The concept of folkways is associated with the name of William Sumner who made one of the clarifying analyses of culture and its implications. In his sociological classic folkways he has made a notable contribution to the understanding of individual behavior. Sumner conceived of culture in terms of folkways and mores and used the terms folkways in a very comprehensive sense. According to him They are like products of natural forces which men unconsciously set in operation or they are like the instinctive ways of animals which are developed out of experience which reach a final form of maximum adaptation to an interest which are handed down by tradition and admit of no exception or variation yet change to meet new conditions still within the same limited methods and without rational reflection or purpose. From this it results that all the life of human beings in all ages and stages of culture is primarily controlled by a vast mass of folkways handed down from the earliest existence of the race having the nature of the ways of other animals only the top-most layers of which are subject to change and control and have been somewhat modified by human philosophy, ethics and religion or by other acts of intelligent reflection.

Folkways are recognized ways of behavior in a society which arise automatically within a group to meet the problems of social living. Social life is full of problems and man seems to have tried every possible way of dealing with such problems. Different societies have found different workable patterns.

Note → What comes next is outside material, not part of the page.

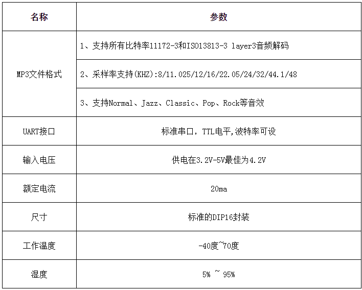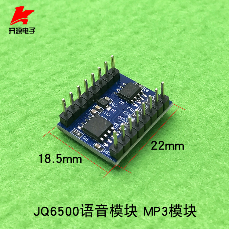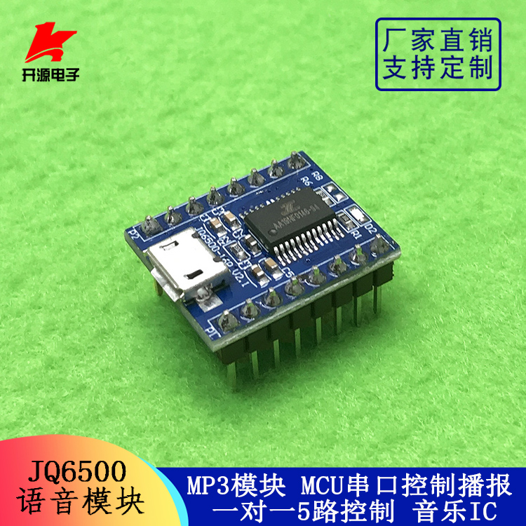 JQ6500是一個提供串口的MP3晶片,完美的集成了MP3、WMV的硬解碼。同時軟體支援TF卡驅動,支援電腦直接更新spi flash的內容,支援FAT16、FAT32檔案系統。通過簡單的串口指令即可完成播放指定的音樂,以及如何播放音樂等功能,無需繁瑣的底層操作,使用方便,穩定可靠是此款產品的最大特點。另外該晶片也是深度定制的產品,專為固定語音播放領域開發的低成本解決方案。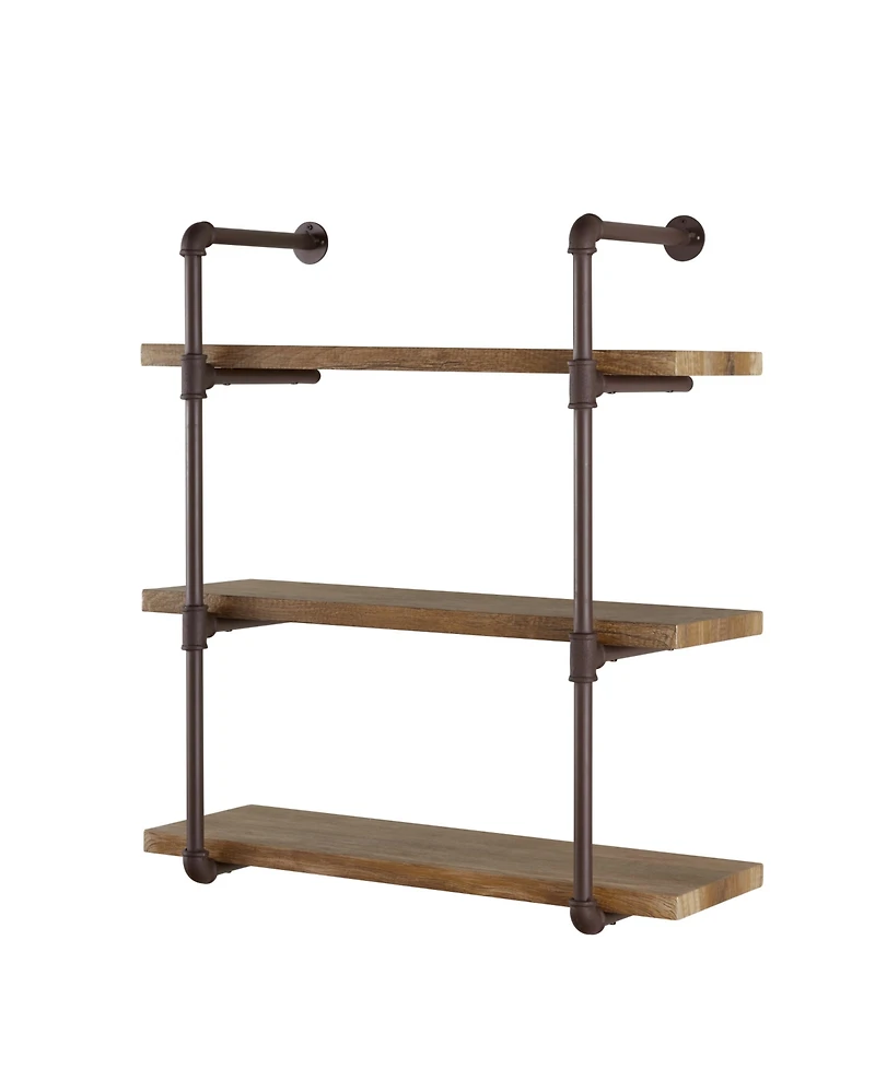 Combining imitation aged wood finish shelves with a rustic pipe frame is the newest approach to organization that can be used anywhere in your interior space. The Danya B. Three Tier Pipe Wall Shelf guarantees sturdy support for storage and brings the perfect urban industrial look to your home or office.

A group through trial and error, sheer accident or some unknown influence may arrive at one of the possibilities, repeats it and accepts it as the normal way of behavior. It is passed on the succeeding generations and becomes one of the ways of the group of the folk hence a folkway. According to Sumner men inherited from their beast ancestor's psycho-physical traits, instincts and dexterities or at least predispositions which give them aid in solving the problem of food supply, sex, commerce and vanity. The result is mass phenomena: currents of similarity, concurrence and mutual contribution and these produce folkways.

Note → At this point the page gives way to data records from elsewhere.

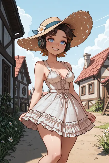 普通发型触发词:Ultluna,棕色头发,短发,渐变发色,蓝眼睛,耳机,背心,牛仔短裤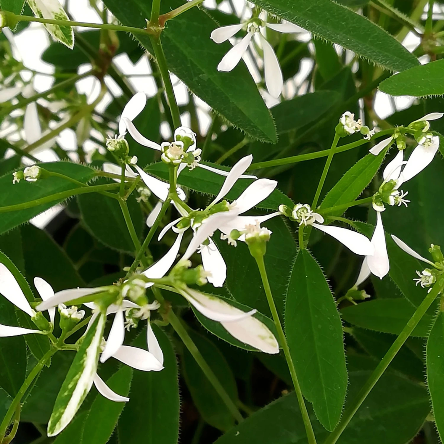 Die Schneewolke (Chamaesyce syn. Euphorbia hypericifolia) mit ihren dunkelgrünen, zarten und länglich ovalen Blättern passt hervorragend zu der Petunie. Die Schneewolke wächst aufrecht, buschig und stark verzweigt. Sie kann ein Wuchshöhe zwischen 30 und 50 cm erreichen. Ihren Ursprung hat die Schneewolke in Amerika.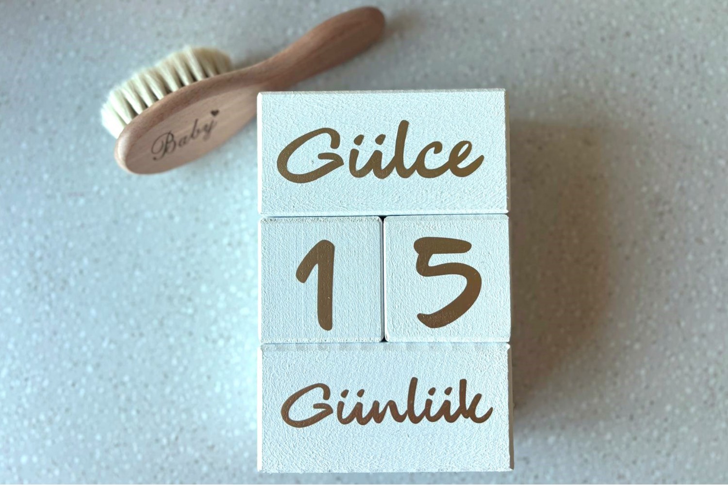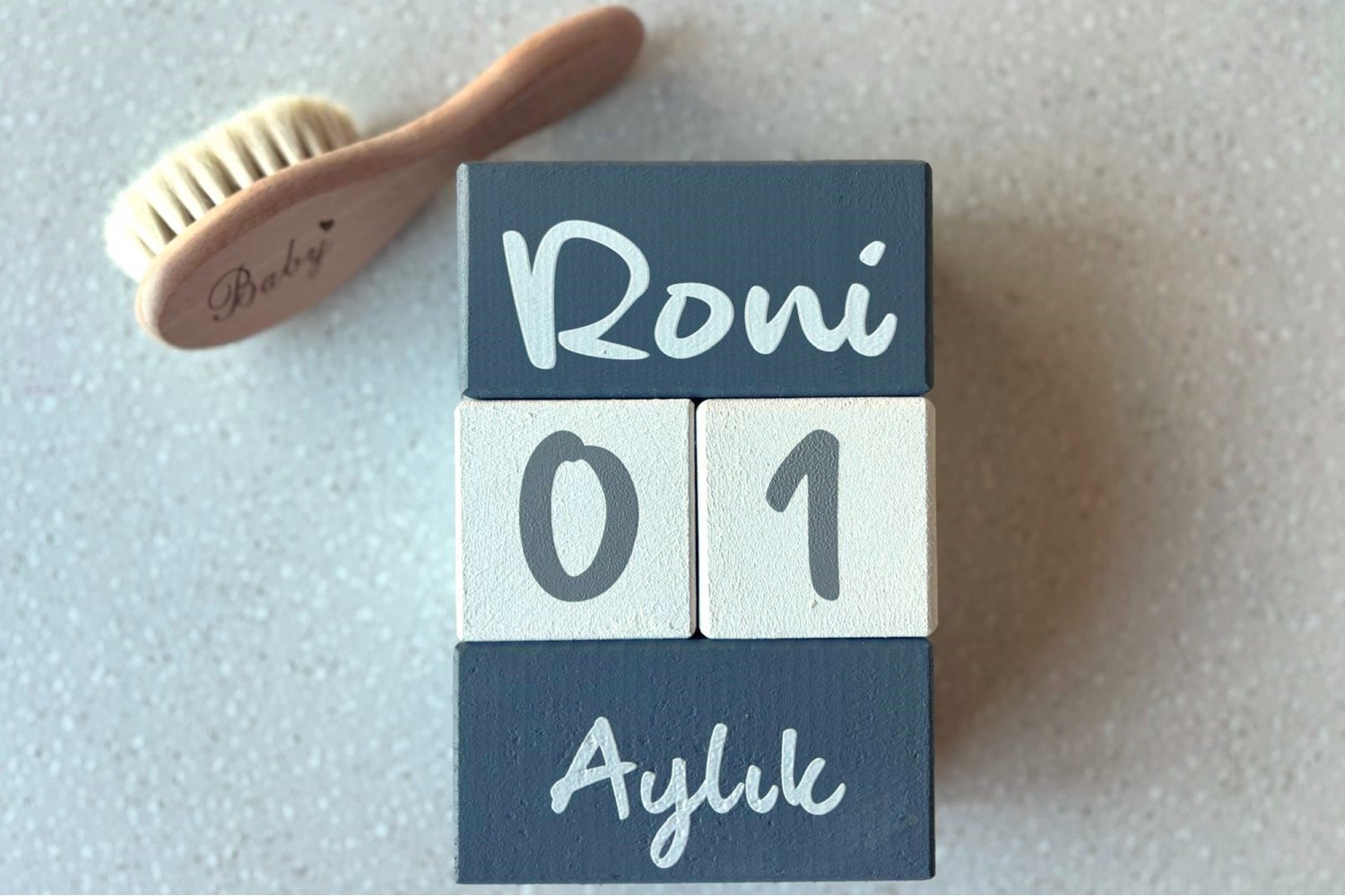 en yumuşak keçi kılından üretilmiş bebek saç fırçası ile hem hatıra hem de şık bir hediye seti.

The folkways are thus the product of frequent repetition of petty acts, often by great numbers acting in concert or at least acting in the same way when face to face with the same needs.

According to Lundberg, folkways designate those uniformities in the behavior of a group which develop relatively spontaneously and even unconsciously in adapting to common life conditions and which become established through repetition and general occurance.Thus they are those unconscious collective modes of behavior that are believed to ensure the survival and growth of the group. They include the innumerable ways of behavior men have evolved about the business of social living. They are the customs and usages which have been passed from old generations and to which new elements are added according to the changing needs of times. They represent man's unique means of adapting himself to his environment. No member of the group ever questions a folkway nor is anyone needed to enforce a folkway.